Top of Records shown

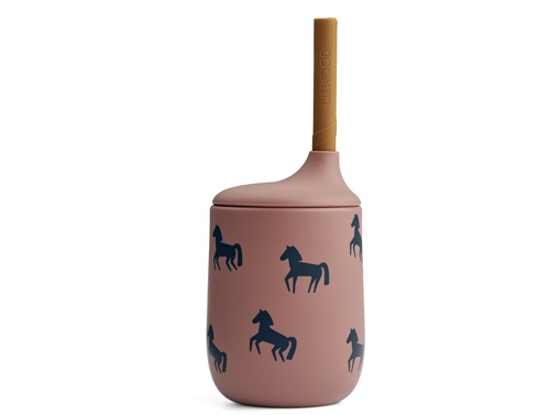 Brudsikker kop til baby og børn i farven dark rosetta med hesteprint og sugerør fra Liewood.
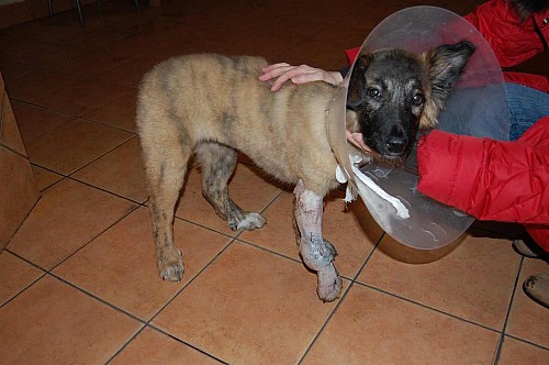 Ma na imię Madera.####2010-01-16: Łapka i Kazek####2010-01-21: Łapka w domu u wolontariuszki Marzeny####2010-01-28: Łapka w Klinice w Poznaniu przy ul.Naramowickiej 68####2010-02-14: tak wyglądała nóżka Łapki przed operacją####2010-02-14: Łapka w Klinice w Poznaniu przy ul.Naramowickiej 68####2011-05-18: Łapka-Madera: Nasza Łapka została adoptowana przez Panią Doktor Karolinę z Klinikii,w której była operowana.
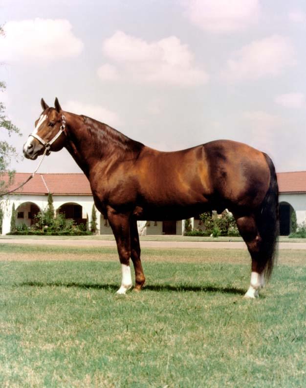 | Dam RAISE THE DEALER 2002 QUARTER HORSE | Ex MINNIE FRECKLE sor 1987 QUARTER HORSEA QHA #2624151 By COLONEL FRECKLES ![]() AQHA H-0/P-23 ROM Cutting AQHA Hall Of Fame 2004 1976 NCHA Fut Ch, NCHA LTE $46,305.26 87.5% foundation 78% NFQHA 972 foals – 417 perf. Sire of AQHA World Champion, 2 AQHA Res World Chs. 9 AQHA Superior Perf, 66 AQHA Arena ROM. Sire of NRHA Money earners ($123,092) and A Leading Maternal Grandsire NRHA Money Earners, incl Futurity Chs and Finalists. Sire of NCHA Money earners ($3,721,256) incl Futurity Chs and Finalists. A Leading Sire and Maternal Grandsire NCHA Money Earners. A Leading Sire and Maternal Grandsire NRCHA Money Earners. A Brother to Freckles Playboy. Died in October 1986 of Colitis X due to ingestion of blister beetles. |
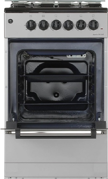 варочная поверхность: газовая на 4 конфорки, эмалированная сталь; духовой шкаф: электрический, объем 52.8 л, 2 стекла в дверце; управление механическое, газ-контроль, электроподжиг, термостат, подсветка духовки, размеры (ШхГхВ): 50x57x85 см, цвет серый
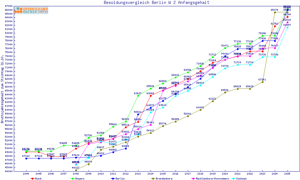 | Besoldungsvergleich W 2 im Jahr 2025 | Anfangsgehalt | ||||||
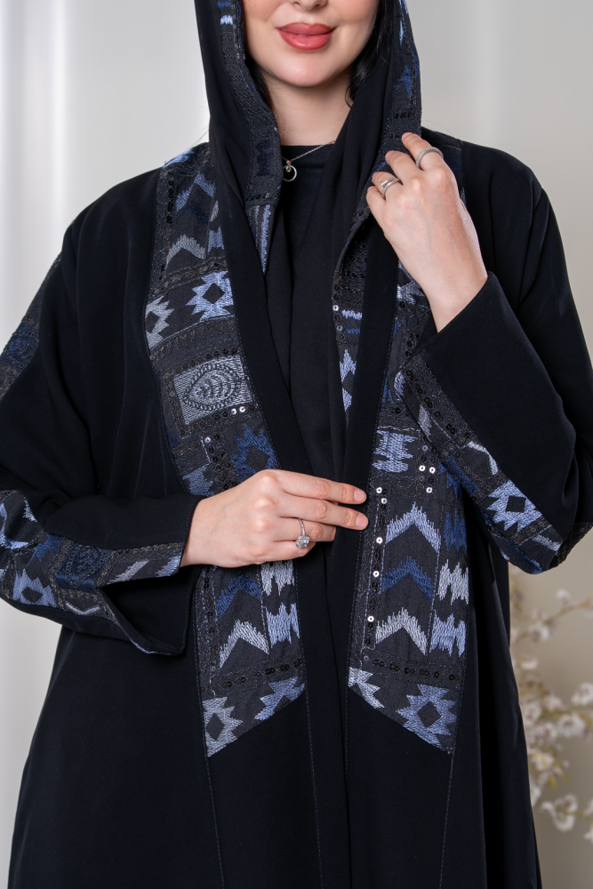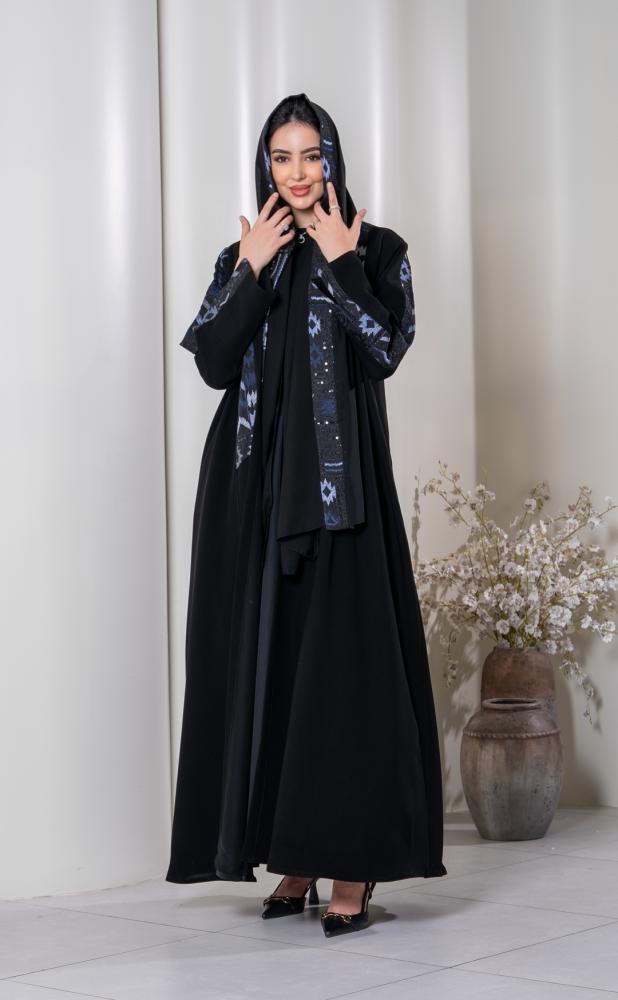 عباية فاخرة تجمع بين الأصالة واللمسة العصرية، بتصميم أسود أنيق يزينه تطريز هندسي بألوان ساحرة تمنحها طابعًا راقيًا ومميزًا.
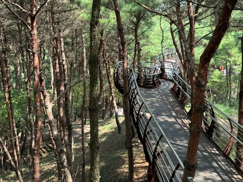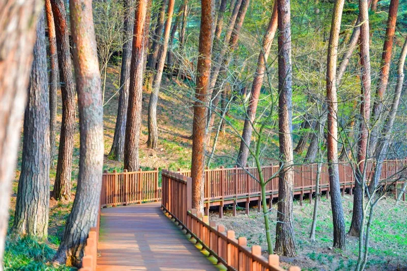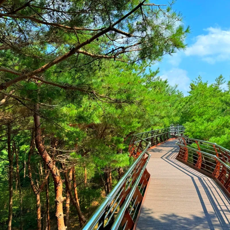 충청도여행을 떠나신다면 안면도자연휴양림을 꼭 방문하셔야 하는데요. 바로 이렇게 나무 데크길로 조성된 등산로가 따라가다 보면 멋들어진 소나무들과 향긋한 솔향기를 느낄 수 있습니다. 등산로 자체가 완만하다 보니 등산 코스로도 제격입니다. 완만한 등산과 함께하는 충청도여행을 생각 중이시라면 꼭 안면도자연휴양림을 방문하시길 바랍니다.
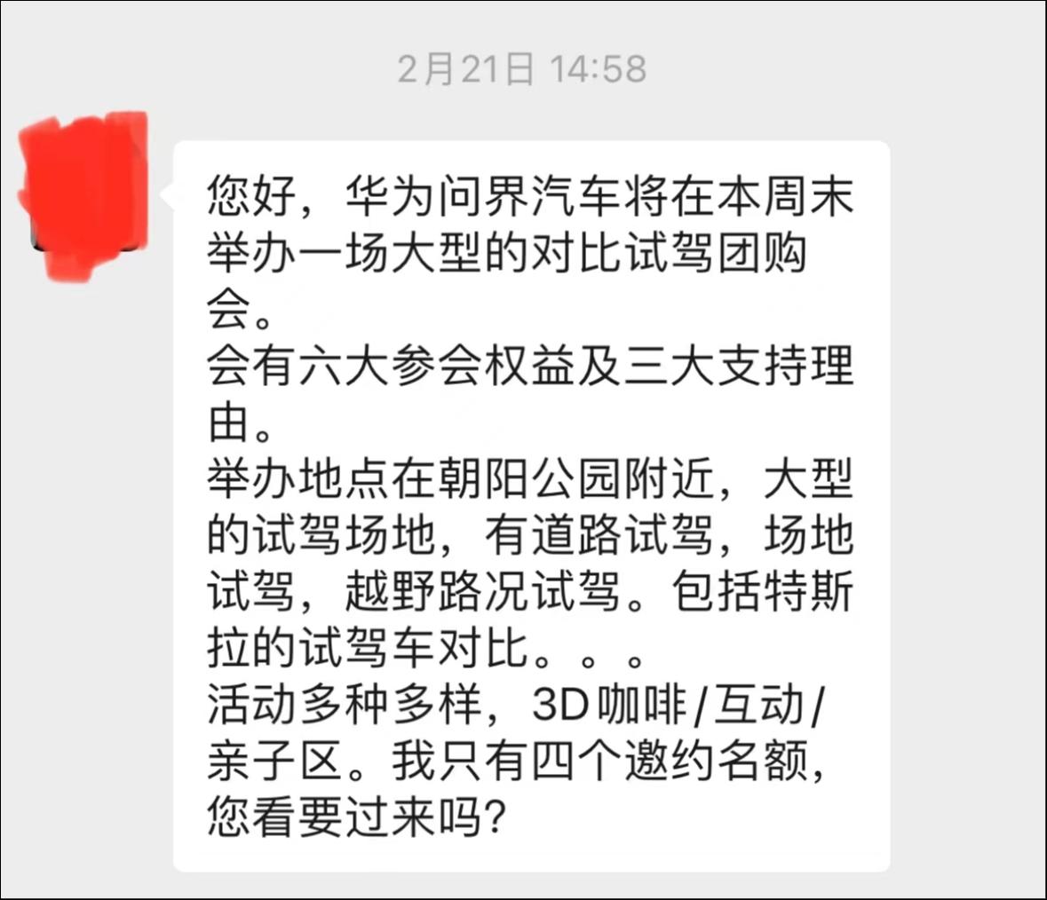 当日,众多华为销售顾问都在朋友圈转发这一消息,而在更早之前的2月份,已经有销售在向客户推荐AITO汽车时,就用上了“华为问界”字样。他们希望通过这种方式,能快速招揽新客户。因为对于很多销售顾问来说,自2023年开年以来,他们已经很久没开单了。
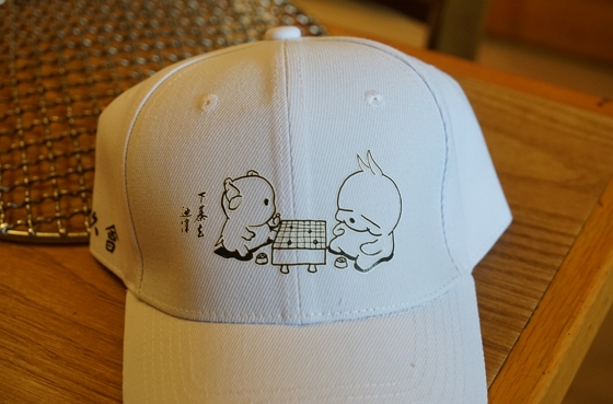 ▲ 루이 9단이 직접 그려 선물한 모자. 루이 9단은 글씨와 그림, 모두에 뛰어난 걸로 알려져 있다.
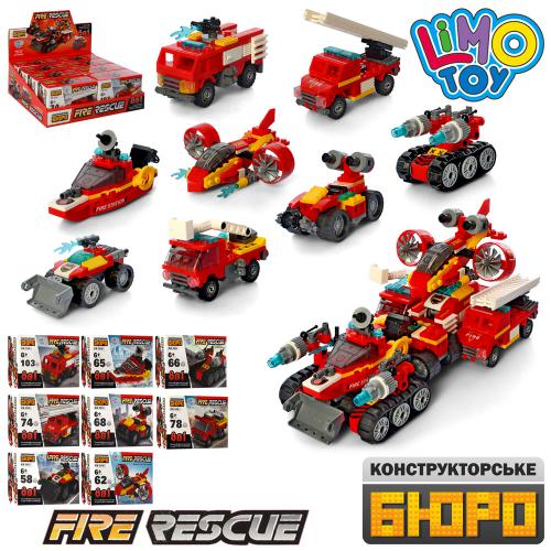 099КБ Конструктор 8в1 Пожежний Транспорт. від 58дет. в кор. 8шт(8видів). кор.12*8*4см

Bottom of Records shown

### Exercise objective
Give all the entries again exactly, dropping each picture.

### Output below
 Brudsikker kop til baby og børn i farven dark rosetta med hesteprint og sugerør fra Liewood.
 Ma na imię Madera.####2010-01-16: Łapka i Kazek####2010-01-21: Łapka w domu u wolontariuszki Marzeny####2010-01-28: Łapka w Klinice w Poznaniu przy ul.Naramowickiej 68####2010-02-14: tak wyglądała nóżka Łapki przed operacją####2010-02-14: Łapka w Klinice w Poznaniu przy ul.Naramowickiej 68####2011-05-18: Łapka-Madera: Nasza Łapka została adoptowana przez Panią Doktor Karolinę z Klinikii,w której była operowana.
 | Dam RAISE THE DEALER 2002 QUARTER HORSE | Ex MINNIE FRECKLE sor 1987 QUARTER HORSEA QHA #2624151 By COLONEL FRECKLES ![]() AQHA H-0/P-23 ROM Cutting AQHA Hall Of Fame 2004 1976 NCHA Fut Ch, NCHA LTE $46,305.26 87.5% foundation 78% NFQHA 972 foals – 417 perf. Sire of AQHA World Champion, 2 AQHA Res World Chs. 9 AQHA Superior Perf, 66 AQHA Arena ROM. Sire of NRHA Money earners ($123,092) and A Leading Maternal Grandsire NRHA Money Earners, incl Futurity Chs and Finalists. Sire of NCHA Money earners ($3,721,256) incl Futurity Chs and Finalists. A Leading Sire and Maternal Grandsire NCHA Money Earners. A Leading Sire and Maternal Grandsire NRCHA Money Earners. A Brother to Freckles Playboy. Died in October 1986 of Colitis X due to ingestion of blister beetles. |
 варочная поверхность: газовая на 4 конфорки, эмалированная сталь; духовой шкаф: электрический, объем 52.8 л, 2 стекла в дверце; управление механическое, газ-контроль, электроподжиг, термостат, подсветка духовки, размеры (ШхГхВ): 50x57x85 см, цвет серый
 | Besoldungsvergleich W 2 im Jahr 2025 | Anfangsgehalt | ||||||
 عباية فاخرة تجمع بين الأصالة واللمسة العصرية، بتصميم أسود أنيق يزينه تطريز هندسي بألوان ساحرة تمنحها طابعًا راقيًا ومميزًا.
 충청도여행을 떠나신다면 안면도자연휴양림을 꼭 방문하셔야 하는데요. 바로 이렇게 나무 데크길로 조성된 등산로가 따라가다 보면 멋들어진 소나무들과 향긋한 솔향기를 느낄 수 있습니다. 등산로 자체가 완만하다 보니 등산 코스로도 제격입니다. 완만한 등산과 함께하는 충청도여행을 생각 중이시라면 꼭 안면도자연휴양림을 방문하시길 바랍니다.
 当日,众多华为销售顾问都在朋友圈转发这一消息,而在更早之前的2月份,已经有销售在向客户推荐AITO汽车时,就用上了“华为问界”字样。他们希望通过这种方式,能快速招揽新客户。因为对于很多销售顾问来说,自2023年开年以来,他们已经很久没开单了。
 ▲ 루이 9단이 직접 그려 선물한 모자. 루이 9단은 글씨와 그림, 모두에 뛰어난 걸로 알려져 있다.
 099КБ Конструктор 8в1 Пожежний Транспорт. від 58дет. в кор. 8шт(8видів). кор.12*8*4см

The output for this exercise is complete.